Direct Link to Full 261-Page Report: Full text

state of the world's minorities and indigenous peoples

In the year that saw the establishment of UN Women, the new United Nations entity for gender equality and women’s empowerment, minority and indigenous women continued to face violence, discrimination and marginalization, stemming both from their identity as women and as members of disadvantaged minority groups. In Latin America, despite the election of women as heads of state in several countries, African descendant and indigenous women remain virtually invisible in public and political life. They are also the population group that has borne the brunt of armed conflict in the region, subjected to rape and sexual violence. As elsewhere, they have little hope of redress against those who assaulted them. In Europe and Oceania, migrant women face economic and social marginalization, and are often unable to access support services because of their immigration status, leaving them trapped in abusive relationships.

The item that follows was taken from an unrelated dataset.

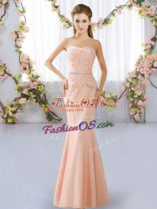 Dynamic Peach Lace Up Sweetheart Beading Bridesmaid Gown Lace Sleeveless

In 2010, women belonging to Muslim minorities in the global North choosing to wear the face veil also faced increasing pressure, with bans under discussion in many countries. In the Middle East and Africa, minority and indigenous women continue to be subjected to religious and customary legal systems that deny them their rights, while Iraqi refugee women (many of whom belong to religious minorities) elsewhere in the Middle East are increasingly vulnerable to trafficking and sexual exploitation. In Asia, sexual violence against women has again been used as a weapon against minority women, while land seizures are resulting in further economic marginalization of indigenous groups.

This year’s edition of State of the World’s Minorities and Indigenous Peoples presents an overview of the situation of minority and indigenous women today, and includes:

·                           Discussions of gender-based violence and armed conflict, including the violence that indigenous and minority women experience within their own communities, and the difficulties that they face in accessing justice and support from outside.

·                           Consideration of the lack of progress made towards achieving the Millennium Development Goals for minority and indigenous women, with special focus on reproductive rights and maternal mortality.

·                           Interviews and special reports on trafficking, intersectional discrimination, land seizures and women’s political representation.

·                           Overviews of the human rights situation of minorities and indigenous peoples in every major world region.

·                           'Peoples Under Threat 2011' – MRG’s unique statistical analysis and ranking of countries.